The breadth of the Mesopotamian Valley affected also the building materials and the character of the art. Stone was much more difficult to obtain than in Egypt. Clay only was abundant. All buildings were consequently of brick. These structures were far less enduring than those in Egypt; their upper parts have disintegrated and buried the lower portions. Babylonian ruins are accordingly all under ground. The abundant clay was also used by the Babylonians as writing material. When baked, it proved far more enduring than the Egyptian papyrus. Thus, notwithstanding the general similarities which the Mesopotamian Valley presents to Egypt, its differences profoundly affected Babylonian history and Babylonian art.

2. The Preservation of Antiquities. Babylonian cities were usually built on terraces of brick. The walls of the cities and their buildings were constructed of the same material. Refuse from the houses in these towns was always thrown out into the streets, so that, as the centuries passed, the streets were gradually elevated. The walls of the brick houses gradually became unstable in the lapse of time, and as the houses were repaired they were brought up to the level of the street. Consequently even in peaceful times the mounds on which the cities were built gradually grew higher. Most of these cities were at various times destroyed in warfare. Sometimes all the houses would be partially demolished and the site would be for a time practically uninhabited. When at length the place was repeopled, the top of the mound would be smoothed off and taken as the base of a new city. In this way through the many centuries of Babylonian history the sites of her

cities have become great mounds. When these cities finally fell into ruin, the clay of the upper part of the walls gradually disintegrated in the weather and formed a coating of earth over the whole, which preserved the foundations of the walls both of cities. and houses, as well as the inscribed clay, stone tablets, and the works of art buried underneath.

Connected with each Babylonian and Assyrian temple was a kind of staged tower, shaped in a general way like the stepped pyramid of Zoser at Sakkarah in Egypt. The Babylonians called these towers Ziggurats. As the bricks of these towers decayed, they formed in connection with the city mound a kind of hillock or peak, which varied in accordance with the height of the tower. The ruin of the Ziggurat at Birs Nimrûd, the ancient Borsippa, is one of the most imposing to be seen in ancient Babylonia; it was long thought to be the original of the Tower of Babel (Gen. 11:9). It thus came about that no ancient temple of Babylonia, like some of those in Egypt, has remained above ground. Explorers have had to dig to discover antiquities; (see Fig. 22).

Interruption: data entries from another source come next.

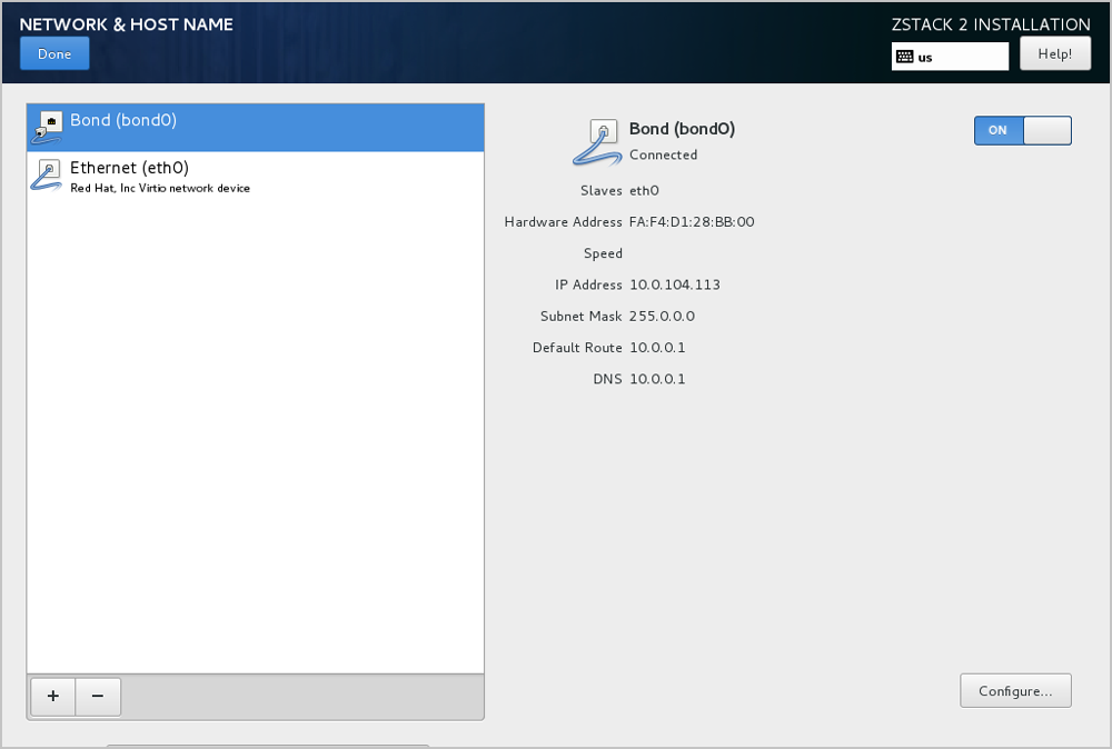 如果在实际生产环境中安装部署ZStack,建议进行网卡归一化配置,网卡归一化可进一步提高网络带宽以及网络可靠性。详细配置步骤请参考网卡归一化(可选)章节。
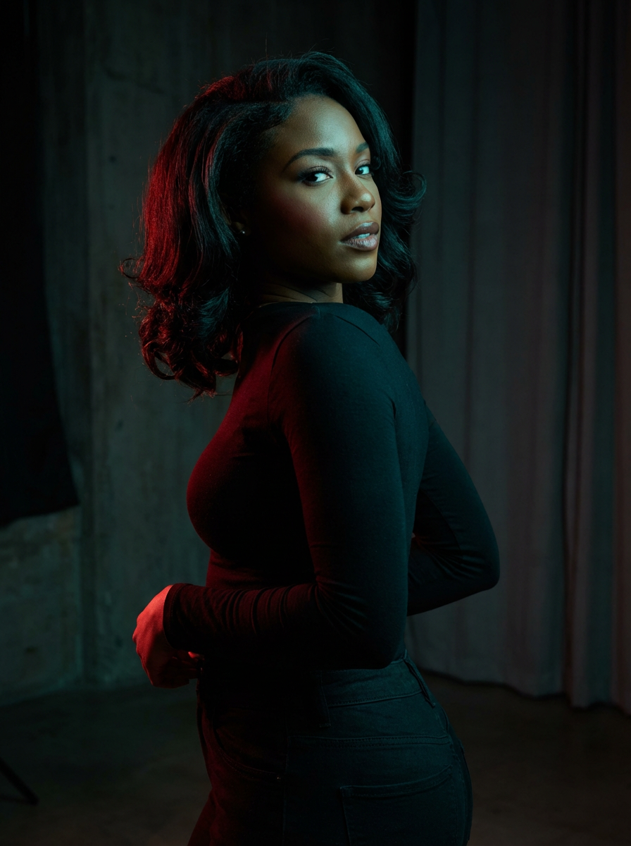Dramatic studio portrait of a confident model, looking over their shoulder. Wearing a form-fitting black outfit. The lighting is intense and cinematic, with strong red and teal color contrast illuminating their hair and skin, casting moody shadows. The background is dark and atmospheric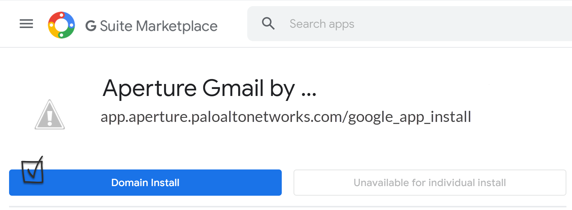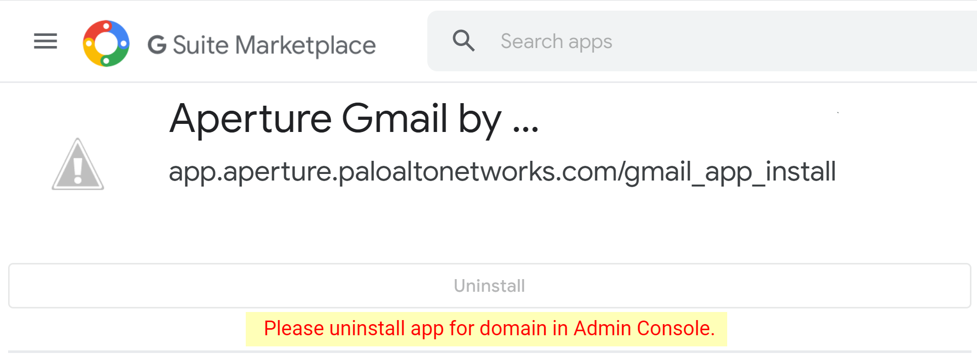4. Follow the onscreen instructions in Step 2: Go to Google Marketplace. Afterward, the Domain Install button is replaced by a disabled Uninstall button with a message that reads Please uninstall app for domain in Admin Console. This behavior is expected.

3. The Discovery of Antiquities: By Benjamin of Tudela.The first man from western Europe who traveled through Babylonia and Assyria and noted their ruins was a Jew, Benjamin of Tudela, in the kingdom of Navarre. Leaving home about 1160 A. D., he traveled through Palestine, crossed the desert by way of Tadmor, visited Mosul opposite ancient Nineveh, and went southward to the site of Babylon. He also saw the ruin of Birs Nimrûd, and believed it to be the Tower of Babel. Between the sixteenth and eighteenth centuries many other travelers visited the Mesopotamian Valley and described what they saw. Some of these, toward the close of the eighteenth century, described curious inscriptions which they had seen there on bricks. This information led the British East India Company in 1797 to instruct its resident at Bussorah, in southern Babylonia, to try to secure some of these inscriptions. This he did, and early in 1801 the first case of inscribed bricks arrived at the East India House in London, where they are still preserved.

By Rich.-Early in the nineteenth century Claude James Rich became resident of the East India Company at Bagdad. In his travels through the region he visited the mounds of Hillah (Babylon), Kouyunjik (Nineveh), and others, where he made some slight excavations, and found many inscriptions. The smaller ones he

added to his collection, but many of them were of too monumental a character to be removed. Through these efforts a wide-spread interest was aroused.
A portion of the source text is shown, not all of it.